The FBI’s Internet Crime Complaint Center and the Cybersecurity and Infrastructure Security Agency laid out the scheme in a joint public service announcement released last Friday. The PSA details two main tactics that target app features instead of the underlying crypto: abusing linked-device options and staging direct account takeovers by coaxing users into surrendering verification codes. The advisory, circulated through field offices and highlighted in an FBI-Dallas Facebook post, warns that the hackers impersonate automated support contacts and emphasizes that the encryption itself is intact, according to IC3. Once an account is compromised, attackers can read chats, mine contact lists, send messages as the victim, and pivot into fresh phishing attempts.

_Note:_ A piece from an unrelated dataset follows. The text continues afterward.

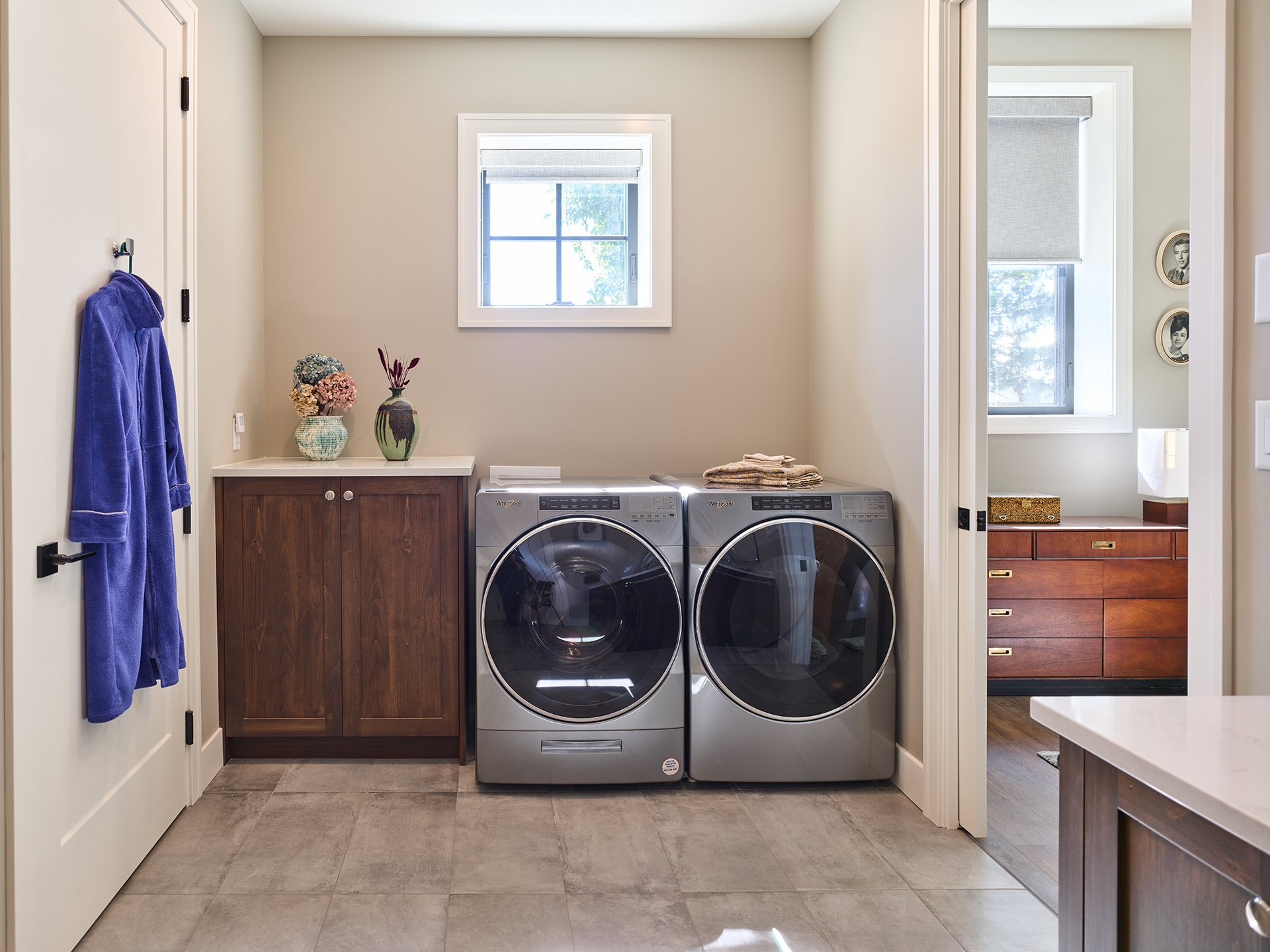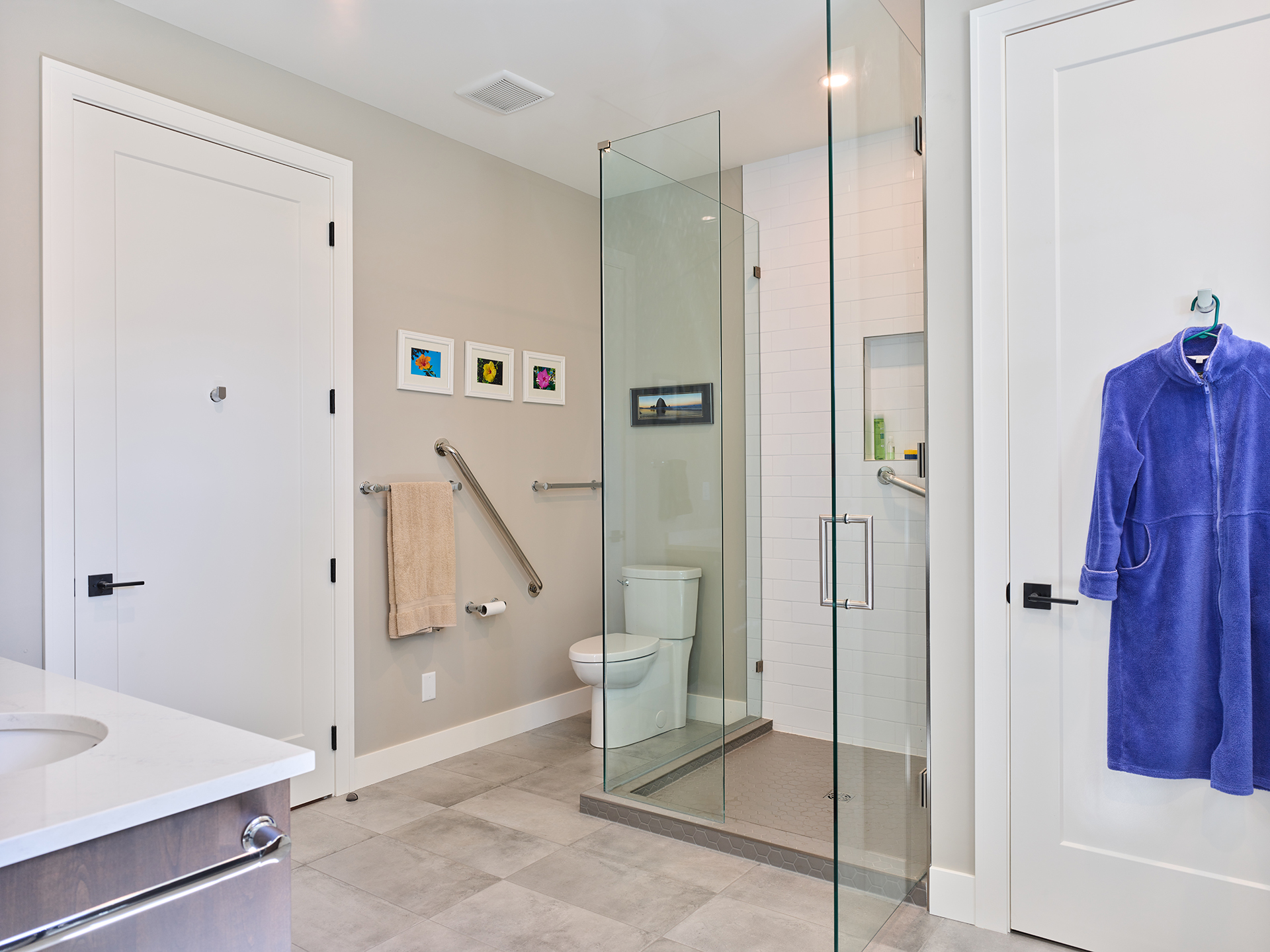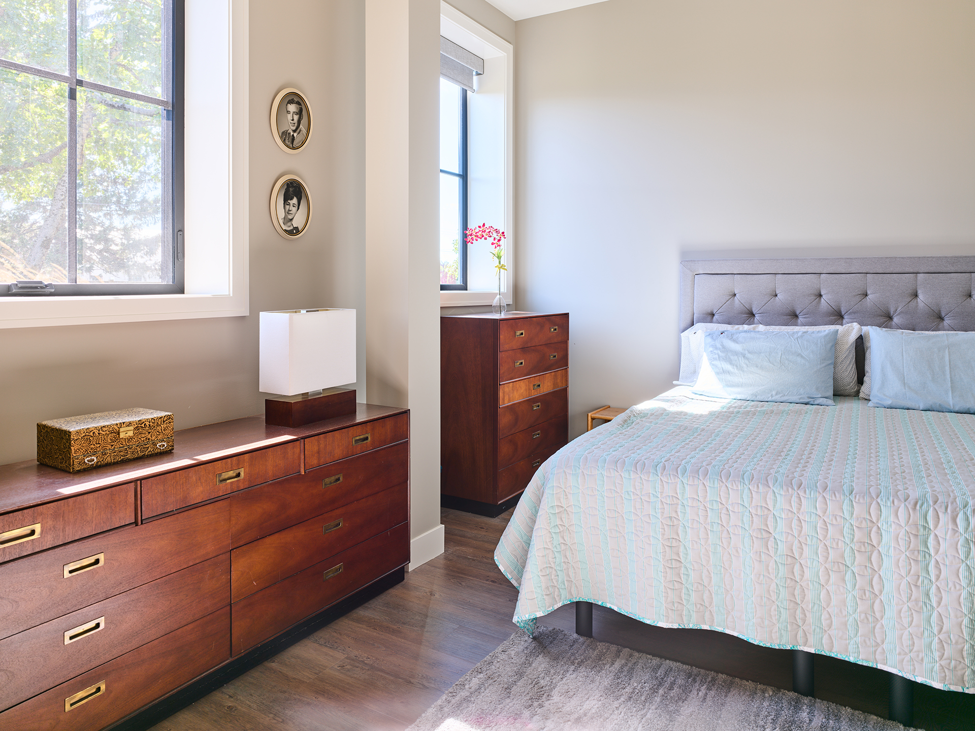 Conversion of a woodwork shop into a secondary suite for aging parents. The entire space was insulated well for fire and sound and a two-bedroom suite was incorporated into the existing workshop. Heated with in-floor hydronic heat and a dedicated AC unit. Features a grade-level patio accessed through a pair of French doors.

European intelligence services were already raising red flags earlier this month. Dutch security officials reported that Russian state-aligned operators were running a large-scale push to seize Signal and WhatsApp accounts tied to officials and journalists, and confirmed that some accounts had been successfully breached, according to AIVD. That warning quickly drew international attention and sparked deeper analysis in tech outlets such as TechCrunch, helping push U.S. agencies to amplify their own alerts.

How the account hijacks work

The playbook leans on psychology rather than codebreaking. Attackers pretend to be trusted contacts or official support staff, then nudge targets to click a link, scan a QR code, or hand over a one-time verification PIN. The IC3 PSA singles out two favored moves: slipping an attacker-controlled device into a user’s account via a linked-device feature, and phishing for login or verification codes that enable a full takeover. The scammers even reassure victims with lines like “Don’t tell anyone the code,” a neat bit of reverse psychology that should ring alarm bells. Once inside, they quietly read conversations, harvest contacts, and send highly convincing follow-up lures from an account everyone already trusts.

What you can do

The defenses are not glamorous, but they work. Stop engaging with sketchy messages, never share verification codes or PINs with anyone, and confirm any supposed support request through a completely separate channel. For more technical hardening tips on mobile security and phishing red flags, users can turn to guidance from CISA, which urges people to use phishing-resistant multifactor authentication wherever possible and to routinely audit which devices are linked to their accounts. Employers and journalists dealing with sensitive material are being urged to treat commercial messaging apps as fragile tools and to tighten operational security, from better device hygiene to keeping the most sensitive conversations out of chat entirely.

Security analysts say this fits a broader pattern: instead of trying to punch through hardened encryption, nation-state hackers increasingly scale their spying by manipulating people. Coverage in mainstream tech media, including TechRadar, suggests the latest advisory has reignited debate over how heavily officials and reporters should rely on everyday messaging apps for serious business.

If you think your account has been hijacked, officials urge you to tell your organization’s IT or security team and consider filing a report with the Internet Crime Complaint Center (IC3) or your local FBI field office. Early reports help investigators map out campaigns and warn others who might be in the blast radius. Victims should save anything that might be useful to investigators, including screenshots, timestamps, and suspicious messages. For most users, the most effective move is to stay ahead of the con: do not share codes, review which devices are linked to your apps, and enable phishing-resistant multifactor authentication wherever it is offered.